Открылась дорога, полная слабого света — такого блеклого по сравнению с густой тьмой. Михаэль пошёл первым, Эсса взяла Алормо под руку и потащила за рыцарем. Ринельгер кинул последний взгляд на Орина — лицо клирика до сих пор пересекала блаженная улыбка, казалось, будто он ещё жив. В стороне от него лицом вниз лежал Эрес — кончик стрелы торчал из его затылка.
***
Вильмонд тяжело пыхтел, таща юношу, закованного в броню, и часто стал останавливаться, переводить дыхание и с глубоким вздохом идти дальше. Ширен хотел было предложить остановиться и снять сталь с мальчишки, но младший мортус даже слушать его не желал. Вильмонд всегда боялся Сумеречного леса, сколько его знал Гробовщик, и страх не покидал его даже на службе у Лицедея.
— Застрелили не всех, — бросил Ширен, нагоняя напарника, перешедшего на бег. — Троих положили, ещё четверых оставили.
— Нужно вернуться за мертвецами? — Вильмонд остановился. — Для Лицедея они будут…
— К демону Лицедея, — фыркнул Ширен. — Или хочешь побродить по проклятому лесу ещё невесть сколько?
— Ты прав, — Вильмонд набрал воздух в лёгкие. Маску он снял спустя пару десятков сажень — уж сильно она мешала ему дышать при беге — и передал на хранение Ширену. Старик знал, что вороний клюв священен для мортуса.
— Пошли, немного осталось…
Они достаточно скоро выбежали к мосту, по которому обычно проходил Лицедей, чтобы расплатиться за тела с Ширеном. Перейдя его, они свернули и, преодолев ещё сажень пятнадцать, остановились. Вильмонд сбросил с плеча Верона, словно скидывая тяжёлый мешок — небрежно, как он обычно кидал трупы из фургона.
— Осторожнее! Напоминаю, парень, он ещё жив, — произнёс Ширен, снимая с плеча лук.

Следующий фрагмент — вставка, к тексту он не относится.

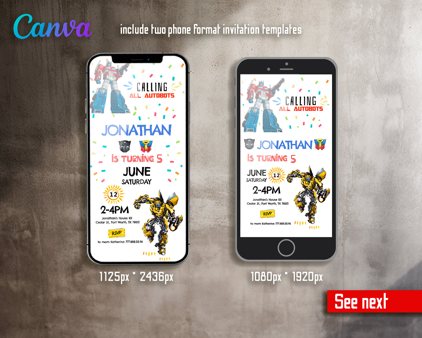 2. Editable Digital Phone Invitation Template: 1080x1920px and 1125x2436px.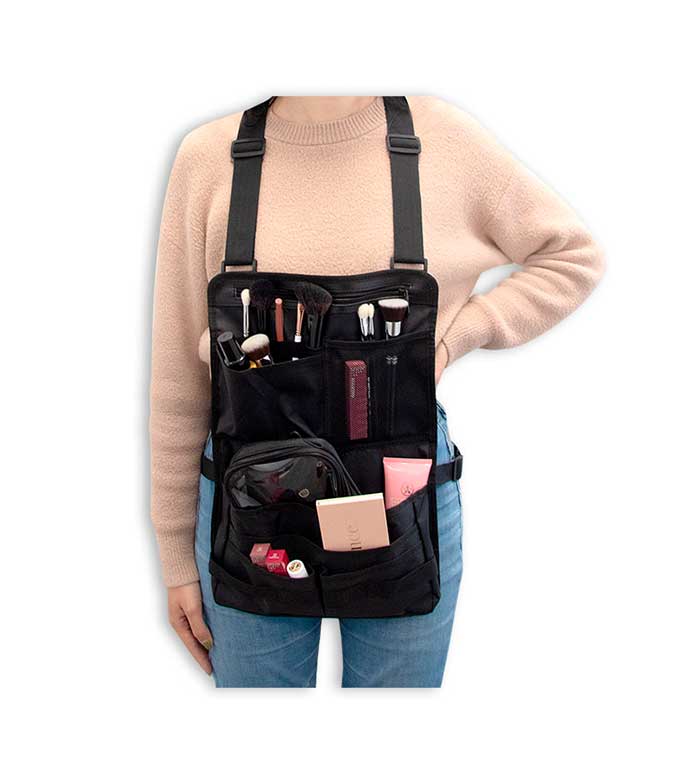 Diese Schürze enthält mehrere Fächer in verschiedenen Größen, um alle Arten von Produkten nach Ihren Bedürfnissen aufzubewahren: Bürsten, Pinzetten, Make-up, Make-up-Entferner usw.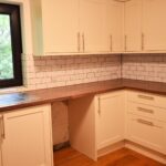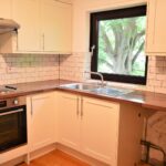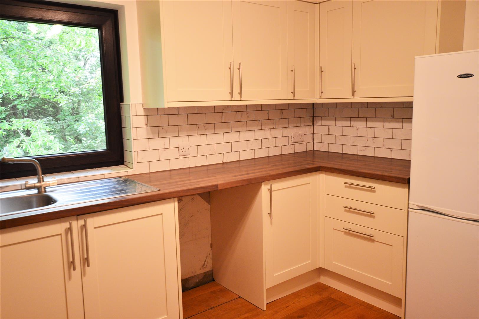 Fitted with a range of Shaker style base and wall units having complementary work surfaces, tiled splash backs and a stainless steel sink unit with mixer tap. Appliances comprise an integrated electric oven with four ring electric hob with cooker hood over and a fridge freezer, there is also space for a washing machine. Radiator, telephone point and a window to the rear elevation.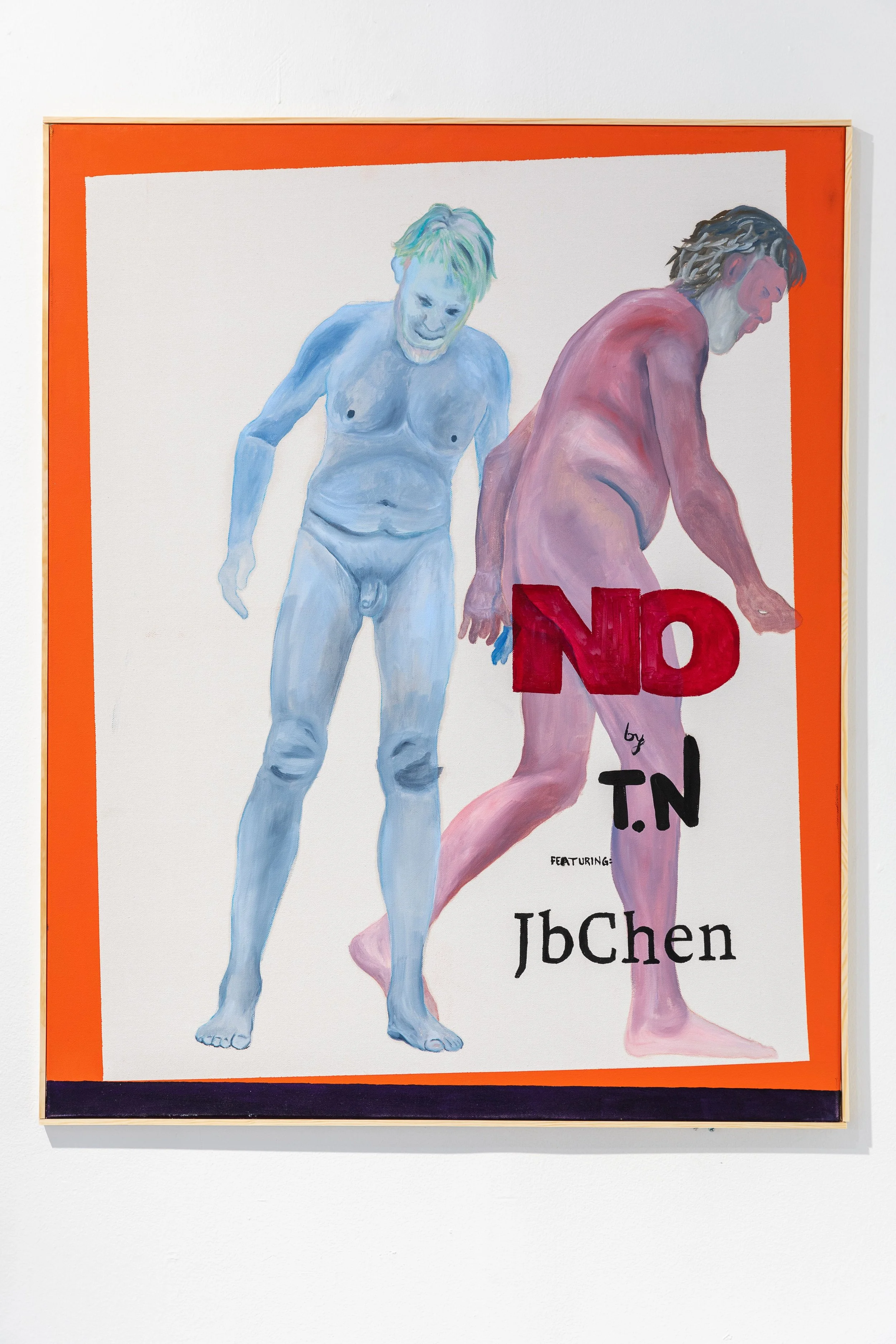 – Mye forskjellig. En del med praktiske ting, som rydding og vasking. Men JinBin har også hjulpet med å fylle inn noen av de større feltene på maleriene. I tillegg har han malt to kropper på et av verkene (refererer til verket: NO), man kan se at det ikke er jeg som har malt de kroppene, han er bedre på å male realistiske proporsjoner. Og ja, det er nytt, jeg er vant med å gjøre alt selv. Jeg tar for eksempel alltid med meg utstyr til galleriene jeg stiller ut på, jeg kan ikke stole på at andre har alt det jeg trenger, som skruer og slikt.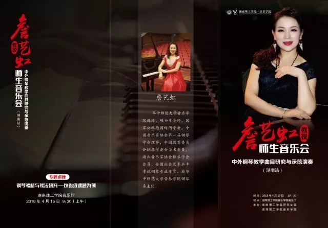 2018年4月15日~16日,华中师范大学音乐学院詹艺虹教授师生一行在湖南理工学院音乐学院成功举办师生音乐会和专题讲座。15日7:30,詹艺虹教授师生音乐会在湖南理工学院音乐厅举行。湖南理工学院音乐学院院长陈文红、研究生院副院长黎振强以及钢琴教研室全体老师出席。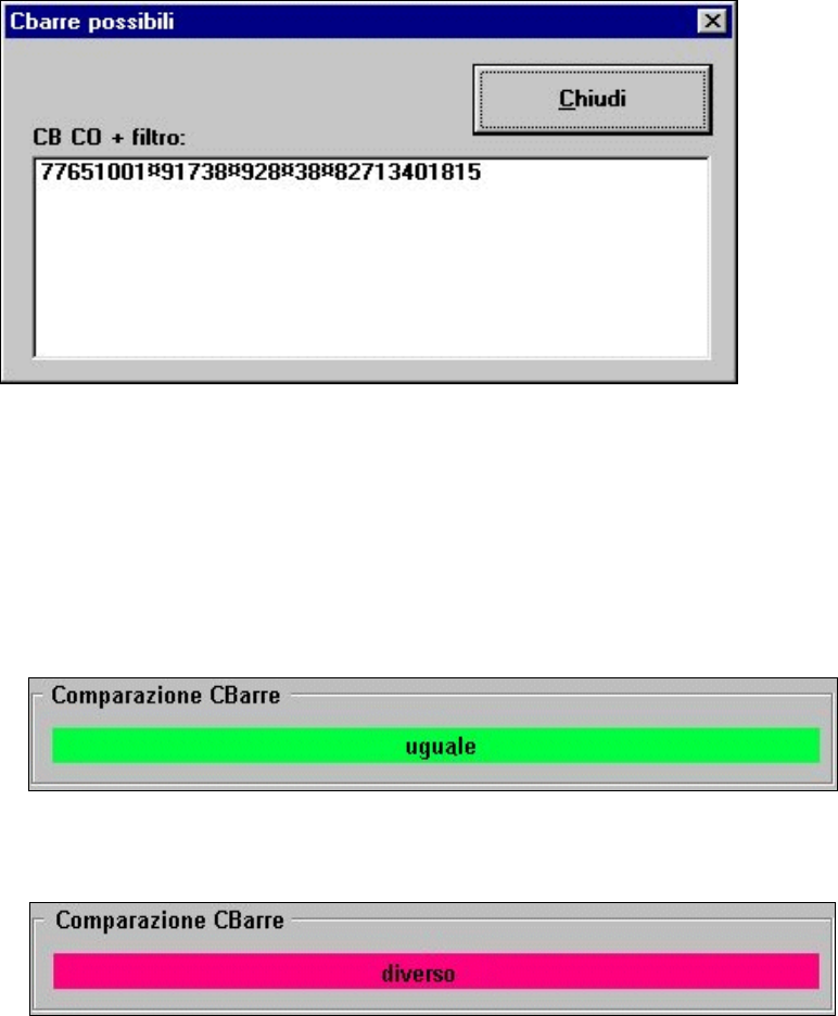 visualizzato il risultato del confronto del codice a barre (vedi esempi seguenti).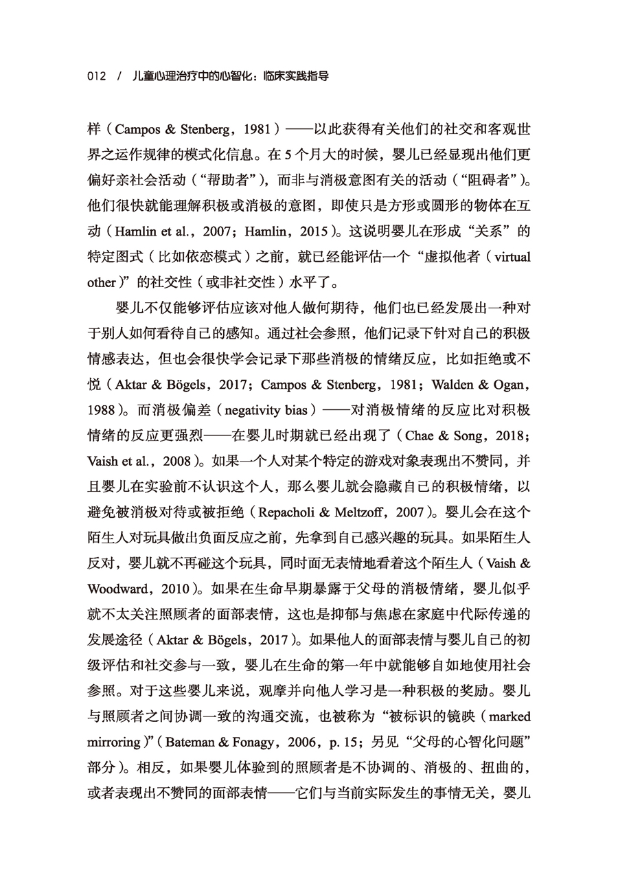 从第二章开始,正式介绍基于心智化的儿童心理治疗方法。第二章描述了心智化儿童治疗的理论依据,深入探讨了重要概念和理论框架;第三章介绍了该治疗方法适用的目标群体,以及相关的评估工具;第四章介绍了进行心智化儿童治疗时的治疗策略和指导建议,勾勒了整体的治疗框架,并制定了基本治疗原则和立场;第五章描述了心智化儿童治疗如何应用于父母;第六章聚焦于观察方法,将其作为提高心理治疗技能的一种工具;第七章至第九章描述了在实践经验中观察到的心智化儿童治疗的三组技术,分别为注意调节、情感调节和心智化;第十章总结了在进行治疗的过程中可能出现的议题,涵盖了相识、治疗设置及治疗中的不同阶段;最后的第十一章讨论了研究课题,为未来的研究指明了道路。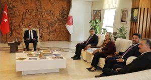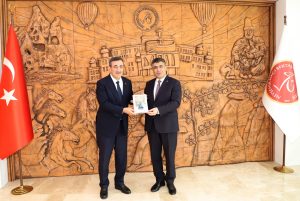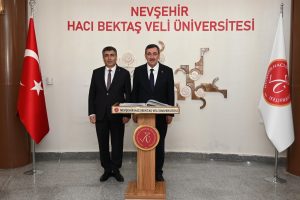 Ziyaretlerinde Yılmaz’ı Rektörlük Makamında ağırlayan NEVÜ Rektörü Prof. Dr. Semih Aktekin üniversite ve gerçekleştirdikleri çalışmalar hakkında kendilerine bilgi verdi.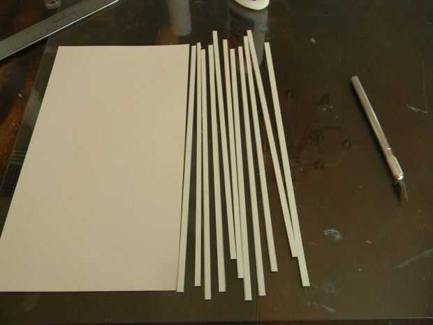 Medir y cortar 12 tiras de papel que son aproximadamente 1/8 de pulgada. desde el comienzo del labio envolverlos alrededor. Dar un pequeño espacio entre cada tira. Luego Mida y marque una línea 2 5/8 de la parte inferior del th del labio. Envuelva un pedazo pequeño en esta marca. Esto se utilizará más adelante.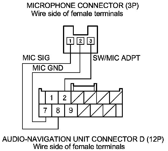 8. Check for continuity between navigation unit connector D (12P) and the microphone connector (3P) according to the table.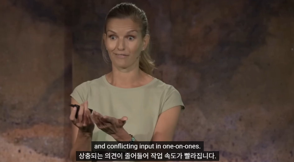 하지만 그녀는 이러한 행동이 팀 전체를 얼마나 느리고 비효율적으로 만드는지 지적합니다. 그녀가 경험한 한 팀의 대화는 우리에게 많은 것을 시사합니다.
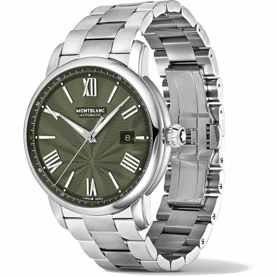 Orologio Montblanc da uomo realizzato con cassa in acciaio da 43 mm e cinturino in acciaio con finiture satinate e lucide.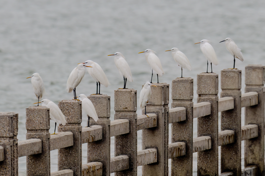 Chinese egrets rest on guardrails in Xiang'an district, Xiamen city, southeast China's Fujian Province. (Photo/Chen Hao)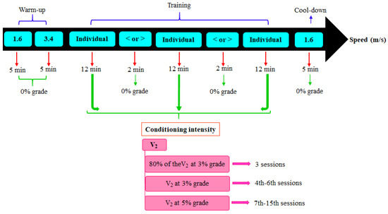 Figure 3. Schematic representation of the conditioning program performed on the treadmill. The intensity of the conditioning program was established based on V2 (velocity at which the plasma lactate concentration reached 2 mmol/L during the incremental exercise test). The conditioning intensity was increased every three sessions. Each session consisted of the following stages: warm-up, training, and cool-down. The training speeds were individualized, and to avoid repetitive strain injury, they were interspersed with 2 min of speed reduction or increase up to the sixth session. From the seventh session onwards, the horses cantered at the training speed, interspersed with 2 min of speed reduction to trot.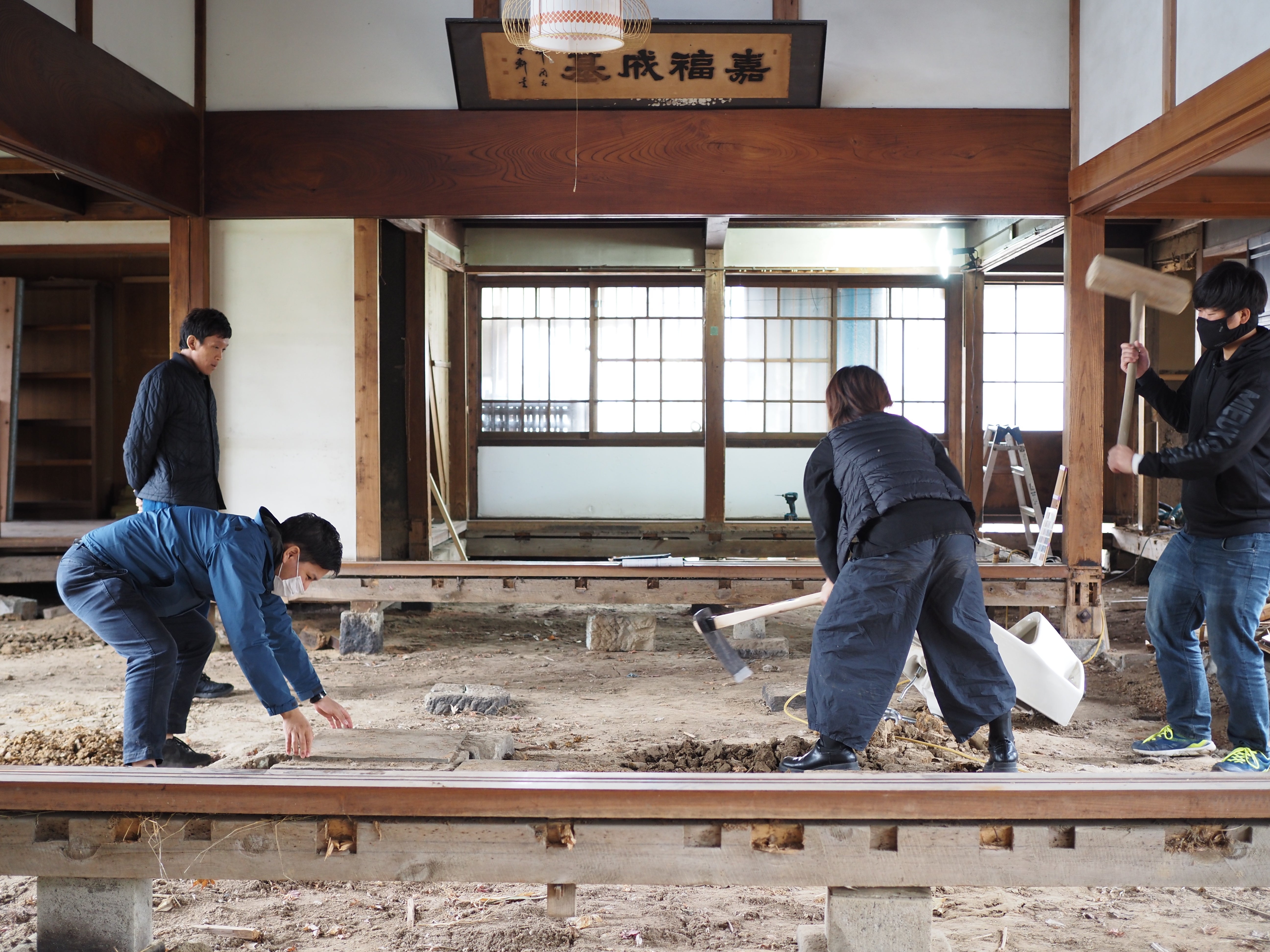 地域の方にも手伝っていただいたり創作をたのしんでいただきながら改装はほぼ終了し、佳境に入っています。大きな建物なので、古い趣を残したりまだ手付かずな部分もありながら、10月にはやっとベッドや家具の搬入も始まります。 「感性のスイッチ」を入れ、お客様がそれぞれの「劇場」(フレーム/モノの見方)を持ち、緩やかに表現を共有していける場づくりをするため「遊び心」や「異素材の融合」をキーワードに体験や設えを整えていきます!

Нижним крылом он стукнул несколько раз по массивному плоскому камню на самом краю поля перед Моровой пропастью. Сумеречный лес ответил треском и слабым шевелением, будто бы по ветвям деревьев защекотал лёгкий ветерок.
Ширен опустил взгляд в овраг. В ноздри ударил трупный запах. Смрад был столько же стойким, сколько и старым. В овраге лежали тела, словно брёвна, наложенные друг на друга. Некоторые смотрели стеклянными глазами в алое небо. Однако вороны обходили пропасть стороной. Дети, женщины, мужчины, растерзанные при жизни — от мала до велика, корка спёкшийся крови прикрывала их раны, кожа покрылась синими пятнами, чуть подсохла, начиная стягиваться. Люди покоились — если гниение в дыре на краю проклятого леса можно так назвать — либо в доспехах, либо во рванье, либо вовсе обнажённые. Их были сотни. И только на первом слое.
— Впечатляет, — протянул Вильмонд. — Сколько мы уже отработали, Ширен, а? Сколько лет труда и выполнения этой грязной работы?